# PYPES Exhaust Install Before & After



## GTO44 (Apr 11, 2016)

Finally installed the Pypes H-Box and Pypes Pype Bomb Axle Back Muffler Delete Kit. For now it's in the car with stock exhaust manifolds and stock mids.

Boy does it sound good. I'm really happy with the tone and characteristics.

The reason I went with the Pypes setup is it ticked all the boxes for me: 
- Budget - Didn't really care to spend $1,200+ on a full exhaust setup.
- Not concerned with hp gain: I don't have a max effort goal so reusing factory piping is fine
- I wanted a deeper muscle car sound
- Wanted a bolt-on setup - aka. no custom h/x pipe and no weld in mufflers at an exhaust shop
- Can be used with stock mani's / stock mids or LT's / aftermarket mids.. I wanted the option to install this setup before or after I install my headers and it will work either way.

2 day driving conclusion:
For the first time since in 6 years I can actually hear the car when I drive. It has a nice low rumble to it at idle and cruising speed. Bliping the gas and down shifting sounds much more racecar like and crisp. And has a much deeper - less raspy tone to it at WOT. The nice thing is it's not too loud to bother anybody just driving normal. But it absolutely screams from behind at WOT while not being too obtrusive in the cabin. It does have a small drone at about 75mph on the highway that can be solved by rolling the windows up and turning the radio on. Absolutely no drone under 65mph

I payed about $450 for the H-box and Muffler Delete Kit. This is honestly one of the biggest factors. Can't beat the sound you get for such a low price.
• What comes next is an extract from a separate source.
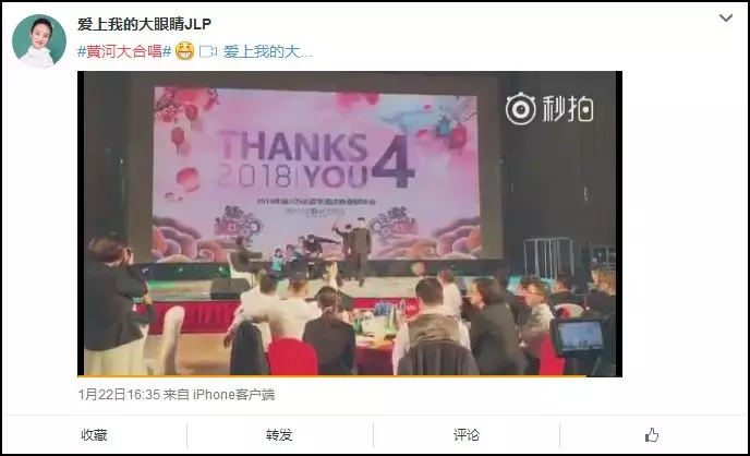2017年1月12號上傳的一段“熊貓明歷險記劇組”新年晚會視頻里,《黃河大合唱》被篡改成了“年終獎”版,歌詞低俗。

I would recommend this setup for anyone with an 05-06 that want's a cheap exhaust alternative.

"But Muffler deletes sound like poo!"
And for anyone concerned about having a"Muffler Delete" on their car... The H-box _is_ a muffler. So by adding the H-box you can ditch the heavy stock mufflers for the pypes resonated tips. No need for 3 mufflers. And it doesn't have that horrible muffler delete sound. Lord knows we've all heard that fpfq who chopped his mufflers off and sounds like a roofing truck running on 7 with a fist size hole in the cat. This is nothing like that. 



Install was easy. Here's the parts:











Just remove the factory exhaust from the resonator back:










Use a Jigsaw to cut off the factory resonator. Cut it as close to box as possible. The Pypes H-Box will slip onto the end of the pipes.










Unbolt the factory mufflers. Here's a couple comparisons of the new Pypes Pype Bomb Resonated Tips




















Here's a comparison for fun. The new Pypes tip vs my buddy's stock 94 mustang gt exhaust tips lol:









Then just bolt the Pypes Muffler Delete tips in place using the included gaskets and hardware:

















Then Bolt the system back up in place using the new hardware, flange gasket, and clamps:









Took a while to get the fitment right. At first the driver side was way to close to the bumper and the passenger side had too much gap between the bumper and tip and was off center. Just keep all the bolts loose, bend the hangers where you need them tighten everything down.










Here's a sound clip. it's just a quick sample from my go-pro. I recorded better audio with a mic mounted on the rear bumper but I haven't had time to edit it. Will update this thread when I have it!


----------



## MetalDeathtrap (Apr 17, 2017)

It sounds amazing, I recently had the pypes x box and pypes bomb installed a little while ago and it’s a screamer too


Sent from my iPhone using Tapatalk


----------



## GTO44 (Apr 11, 2016)

Sure does! I love the way it sounds


----------



## designerron (Feb 8, 2016)

Nice post. You make it look easy.


----------



## Scott70 (Jul 30, 2019)

Sounds good


----------